Showing papers on "Lanthanum published in 2009"

Simultaneous transesterification and esterification of unrefined or waste oils over ZnO-La2O3 catalysts

Abstract: A single-step method was developed for biodiesel production from unrefined or waste oils using a series of heterogeneous zinc and lanthanum mixed oxides. Effects of metal oxide molar ratio, free fatty acids (FFA) and water content in feedstock, molar ratio of methanol and oil, and reaction temperature on the yield of biodiesel were investigated. A strong interaction between Zn and La species was observed with enhanced catalyst activities. Lanthanum promoted zinc oxide distribution, and increased the surface acid and base sites. The catalyst with 3:1 ratio of zinc to lanthanum was found to simultaneously catalyze the oil transesterification and fatty acid esterification reactions, while minimizing oil and biodiesel hydrolysis. A reaction temperature window of 170–220 °C was found for the biodiesel formation. A high yield (96%) of fatty acid methyl esters (FAME) was obtained within 3 h even using unrefined or waste oils.

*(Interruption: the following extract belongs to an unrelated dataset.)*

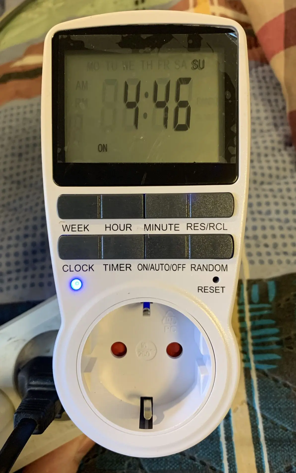 встроенный аккумулятор. так что можно выставить все что надо не втыкая в розетку. Минус в том что нельзя поставить быстро типа от этого момента и на 2 часа. надо лезть в таймеры и устанавливать на включение и выключение и будет он потом каждую неделю в это время работать. хорошо подойдёт для рутинных задач аквариума, антикамарина... в общем на каждый день. я брала больше для зарядки батареек и просушки зимой обуви. несколько ошиблась или не до разобралась. там есть режим рандом который вообще не поняла для чего. Инструкция на английском.

Oil transesterification over calcium oxides modified with lanthanum

Abstract: Investigations were conducted on a series of calcium and lanthanum oxides catalyst for biodiesel production. Mixed oxides catalyst showed a superior transesterification activity over pure calcium or pure lanthanum oxide catalysts. The catalyst activity was correlated with surface basicity and specific surface areas. The effects of water and free fatty acids (FFA) levels in oil feedstock, water and CO2 in air, mass ratio of catalyst, molar ratio of oil to methanol, and reaction temperature on fatty acid methyl ester (FAME) yield were investigated. Under optimal conditions, FAME yields reached 94.3% within 60 min at 58 °C. Mixed CaO-La2O3 catalyst showed a high tolerance to water and FFA, and could be used for converting pure or diluted unrefined/waste oils to biodiesel.

New crystal structure and characterization of lanthanum tungstate "La6WO12" prepared by freeze-drying synthesis.

Abstract: Lanthanum tungstates with a La/W atomic ratio between 6 and 4.8 have been synthesized as polycrystalline materials using the freeze-drying wet-chemical precursor method. Our results show that a single phase material is obtained when the La/W ratio is between 5.3 and 5.7 (T = 1500 °C). Outside this compositional range, segregation of either La2O3 (La/W ≥ 5.8) or La6W2O15 (La/W ≤ 5.2) are found. We have solved the crystal structure for the composition with a La/W nominal atomic ratio of 5.6 by combining powder X-ray and powder neutron diffraction techniques. This structure substantially differs from that previously reported for Ln6WO12 (Ln = Y, Ho). The main differences between the two structure types are the crystal symmetry, the different coordination environment of the cations and the formula unit. The formula unit can be written as La6.63W1.17O13.43 (Z = 4; calculated density = 6.395 g/cm3), well in accordance with the diffraction techniques, He-pycnometry and electron probe microanalysis. These materials can be described as a face centred cubic structure with space group F3m. Lattice parameters vary between 11.173 and 11.188 A, depending on composition. Dense ceramic materials are obtained at 1400 °C, and microanalyses measurements indicate that no significant tungsten evaporation occurs compared to the nominal values. Compositions with La2O3 segregation show similar conductivity values as the single phase ones, but those containing segregation of W-rich phases show a considerable drop in conductivity with increasing content of the secondary phase.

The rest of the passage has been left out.